Plasma CCL18/PARC, a member of the CC chemokine family, has been found to be several ten-fold increased in symptomatic Gaucher type I patients. Elevated plasma chitotriosidase levels are a well-known abnormality in Gaucher patients, however, its diagnostic use is limited by the frequent genetic deficiency in the protein. Like the situation in Gaucher disease, lipids accumulate in macrophages of patients suffering from beta-thalassemia, and, in both conditions, increased chitotriosidase levels occur. We here report that plasma CCL18/PARC is also significantly increased in patients with beta-thalassemia major (range 76.8-4977.8, median=650.8 ng/ml, n=36 and control range 10-72, median=33 ng/ml n=36 respectively, P<0.001). The CCL18/PARC levels are lower than in Gaucher patients (range 174.8-10798.7, median 2538.2 ng/ml, n=28, P<0.001). In our cohort of beta-thalassemic patients, CCL18/PARC showed a significant negative correlation to iron chelation therapy and a significant positive correlation to ferritin and chitotriosidase levels, the latter only in the patients with the wild type genotype for the enzyme. Our study demonstrates that beta-thalassemic patients have increased CCL18/PARC levels that could be of value in monitoring iron overload and compliance to therapy.

摘要

血浆CCL18/PARC是CC趋化因子家族的一员,已发现其在有症状的I型戈谢病患者中升高了几十倍。血浆壳三糖苷酶水平升高是戈谢病患者众所周知的异常情况,然而,其诊断用途因该蛋白常见的基因缺陷而受到限制。

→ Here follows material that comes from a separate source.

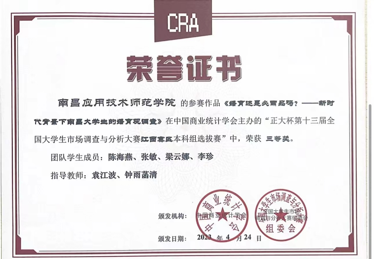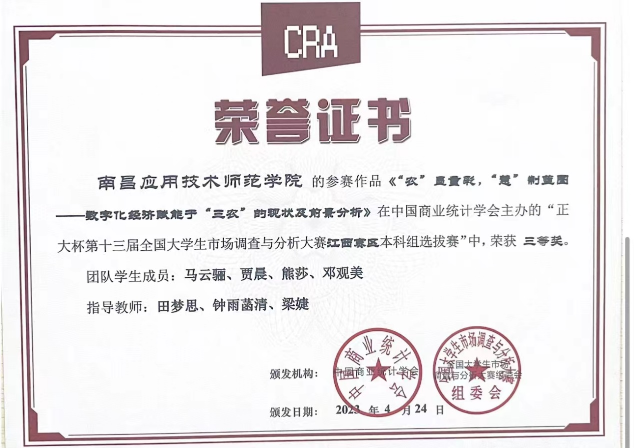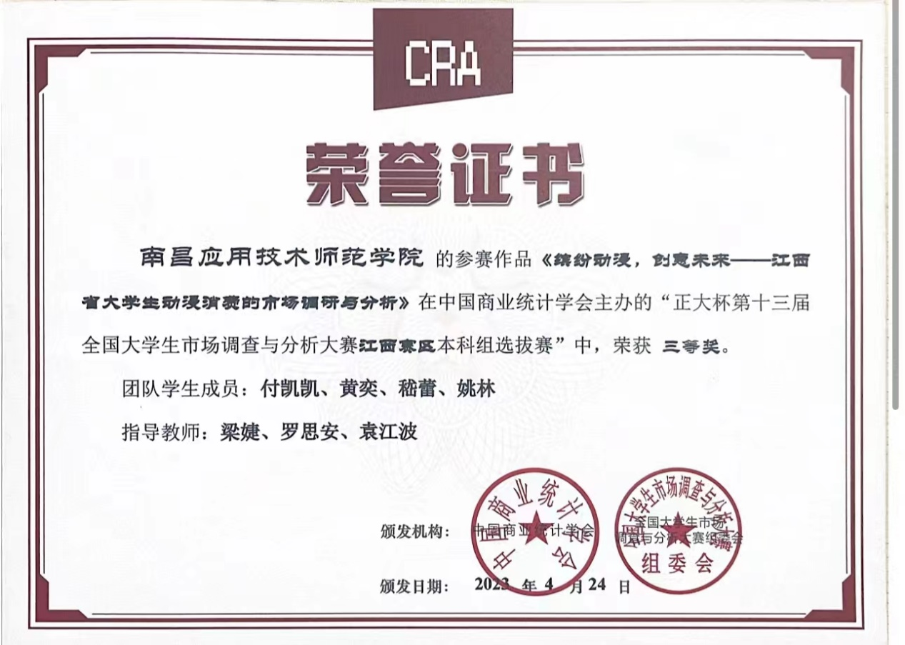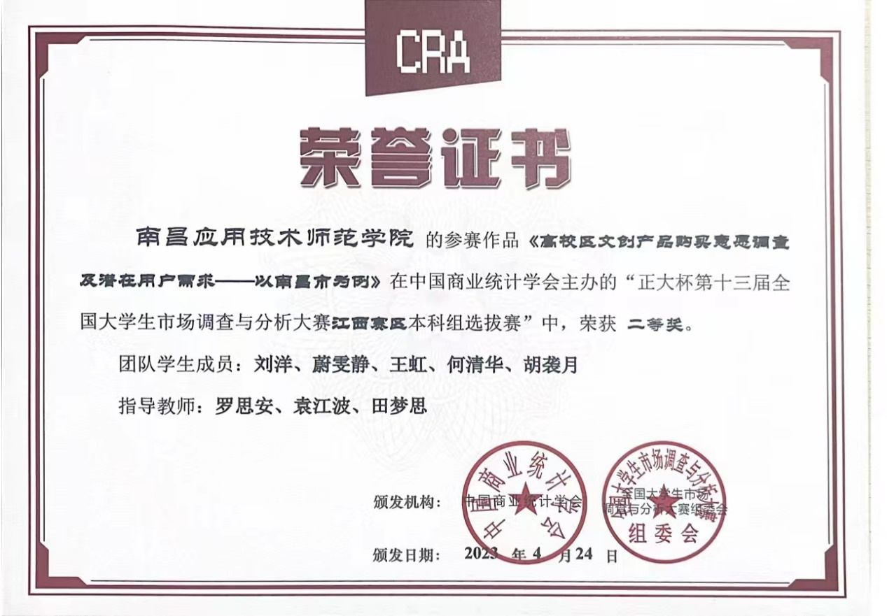 近日,由中国商业统计学会主办的“正大杯第十三届全国大学生市场调查与分析大赛”,江西赛区本科组已公布比赛结果,我校pg国际电子网站罗思安、袁江波、田梦思、梁婕和钟雨菡清老师指导的学生参赛作品获得比赛二等奖1项,三等奖3项。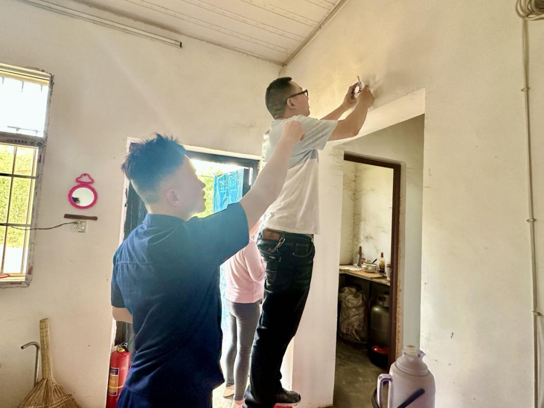 三装三配就是要列出专项经费,根据特殊群体的实际情况为他们安装独立式感烟探测器、一键报警联网烟感探测器、监控摄像头,配置灭火器、防烟面罩和应急手电等器材,并教他们怎么使用。

与戈谢病的情况一样,β地中海贫血患者的巨噬细胞中也会积累脂质,并且在这两种情况下,壳三糖苷酶水平都会升高。我们在此报告,重型β地中海贫血患者的血浆CCL18/PARC也显著升高(范围76.8 - 4977.8,中位数 = 650.8 ng/ml,n = 36;对照组范围10 - 72,中位数 = 33 ng/ml,n = 36,P < 0.001)。CCL18/PARC水平低于戈谢病患者(范围174.8 - 10798.7,中位数2538.2 ng/ml,n = 28,P < 0.001)。在我们的β地中海贫血患者队列中,CCL18/PARC与铁螯合疗法呈显著负相关,与铁蛋白和壳三糖苷酶水平呈显著正相关,后者仅在该酶野生型基因型的患者中存在。我们的研究表明,β地中海贫血患者的CCL18/PARC水平升高,这可能对监测铁过载和治疗依从性有价值。